Les Divisions Navales d'Assaut : Traversée du Pacifique
Souvenirs de la traversée du Pacifique à destination de Saïgon, par les engins "Dinassaut" achetés aux Etats-Unis
Une véritable épopée racontée avec humour par le quartier maître mécanicien DEMICHEL. (Matricule 51) embarqué sur le GOLO.
« Rien de bien important à raconter sur ma traversée du Pacifique, sinon qu’il nous fallait travailler sans relâche dans la petite machine exigüe où huit moteurs Gray Marine 6/71 et le groupe électrogène ronflaient dans un bruit infernal et une température qui dépassait allègrement les 50°. Séances de déculassage pour changement des pistons, soupapes, tiges de culbuteurs, pompes à huile, soufflantes ... Le tout dans un univers visqueux, bouillant, amianté.
Les moteurs se désynchronisaient sans arrêt, il fallait débrayer, régler au compte-tours les quatre moteurs de la même ligne d'arbre, les pieds glissant dans le jus nauséabond de la cale.
Les disques d'embrayage explosaient. Il fallait découpler le moteur au palan.
Par mer formée, tout le monde était au bastingage à nourrir les poissons.
Nous étions vingt environ. Seuls le pacha, l'enseigne de vaisseau CADIC, résistait en fumant, ce salaud, un énorme cigare, et le quartier maître bosco, à la barre, chiquait en glaviotant à distance avec une précision diabolique, son bidon de pinard californien se balançant au dessus de sa tête.
Un matelot à bord, qui avait pété les plombs, montait la garde devant la carte de la traversée, affichée dans la petite coursive en demandant inlassablement qu’on le débarque sur la première île la plus proche.

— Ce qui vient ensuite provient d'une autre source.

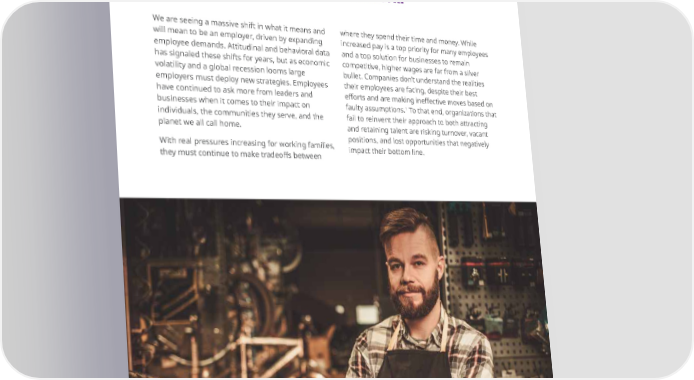 Talent retention and recruitment are becoming a persistent concern for businesses, as they struggle to adapt and adopt practices that re昀氀ect what people really want out of work. We are seeing a massive shift in what it means and where they spend their time and money. While will mean to be an employer, driven by expanding increased pay is a top priority for many employees employee demands. Attitudinal and behavioral data and a top solution for businesses to remain has signaled these shifts for years, but as economic competitive, higher wages are far from a silver volatility and a global recession looms large bullet. Companies don’t understand the realities employers must deploy new strategies. Employees their employees are facing, despite their best have continued to ask more from leaders and e昀昀orts and are making ine昀昀ective moves based on 1 businesses when it comes to their impact on faulty assumptions. To that end, organizations that individuals, the communities they serve, and the fail to reinvent their approach to both attracting planet we all call home. and retaining talent are risking turnover, vacant With real pressures increasing for working families, positions, and lost opportunities that negatively impact their bottom line. they must continue to make tradeo昀昀s between 2023 Benefits Trends: The evolving workplace 10

Sur le LCI 699 qui nous accompagnait, les gars en eurent marre et il y eut une mutinerie à bord. Ils prirent le contrôle du bateau, virèrent leur pacha de la passerelle et pour finir lui bouffèrent toutes ses provisions, ce qui était déjà fort repréhensible, mais ils lui burent aussi la totalité de sa réserve de whisky, ce qui était une faute impardonnable. Le responsable passa au Tribunal militaire de Saigon et fut condamné aux Sections Spéciales. Il y fut chargé d’ouvrir la route, à motocyclette, chaque matin, de Haiphong à Hanoï, et cela n’avait rien de la Nationale 7.

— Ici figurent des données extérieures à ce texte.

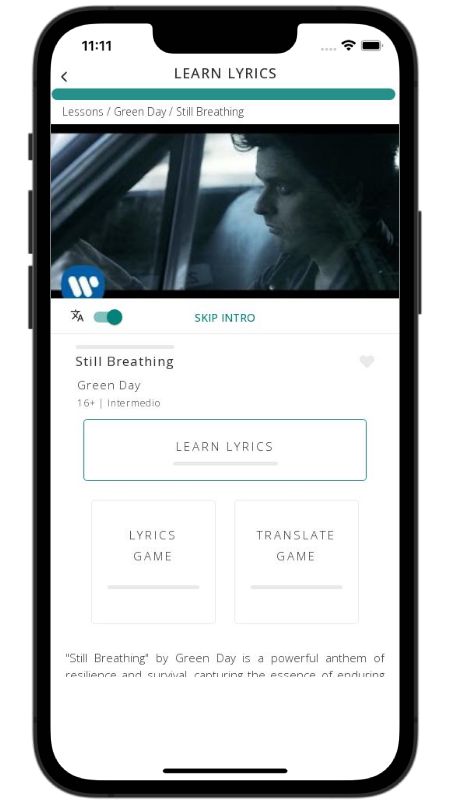 In addition to reading lyric translations, you can now learn English with music and lyrics from your favorite artists.

Le lieutenant de vaisseau Guillaume " Crabe Tambour" qui était à quelques jours de mer derrière nous, bien qu'il prétendit être le premier, ignorait que des fissures à l'arrière du bateau, avait été réparées aux USA au moyen de chiffons camouflés par de la peinture. Il faillit couler et dut passer sur dock à Guam. Pour combler son retard et rechercher les alizés, faisant fi des instructions, il se dérouta vers le sud, ne sachant pas qu’à cette époque, les Américains faisaient un essai nucléaire sur l'atoll d'Eniwetok dans les îles Marshall. Il faillit recevoir une bombe H sur la gueule.
Peu d’autres choses à raconter si ce n'est que nous avons foutu le souk à Guam et Subic Bay, aux Philippines. J'allais oublier : le pacha pour nous détendre et apprendre le maniement des armes, nous faisait tirer de temps en temps sur les requins au fusil Springfield ou à la mitraillette Thompson (11,43 s'il vous plait, comme le Colt).
Il y eut cette histoire d'un camarade mécanicien qui reçut en cadeau le pantalon d’un mataf américain, et qui l’avait rapporté sur le GOLO, tout fier de sa capture. Je me suis toujours demandé comment ce matelot ainsi déshabillé avait pu rentrer à son bord. Je me souviens enfin que sur un LSSL, plus tard, on pilla nuitamment la cambuse et on se fit cuire des œufs sur le plat et des côtelettes grillées au moyen d’un petit plat métallique chauffé au chalumeau. Dans la machine, évidemment. Le Colt Python qu'avait laissé à bord le lieutenant de vaisseau Guillaume montait la garde lové sur les taquets de fermeture de la porte. Le commis du bord s'arrachait les cheveux…
Heureux qui comme Ulysse a fait un beau voyage. En Indochine finalement, le fleuve c'était le paradis. Les moteurs tournaient au ralenti donc ne cassaient jamais. Par contre, la vase envahissait tous les circuits. Le métier de mécanicien dans la Marine, pour l’aimer, y faut y croire ! L’ambiance « copains » sauvait tout, surtout si on était un ancien arpète.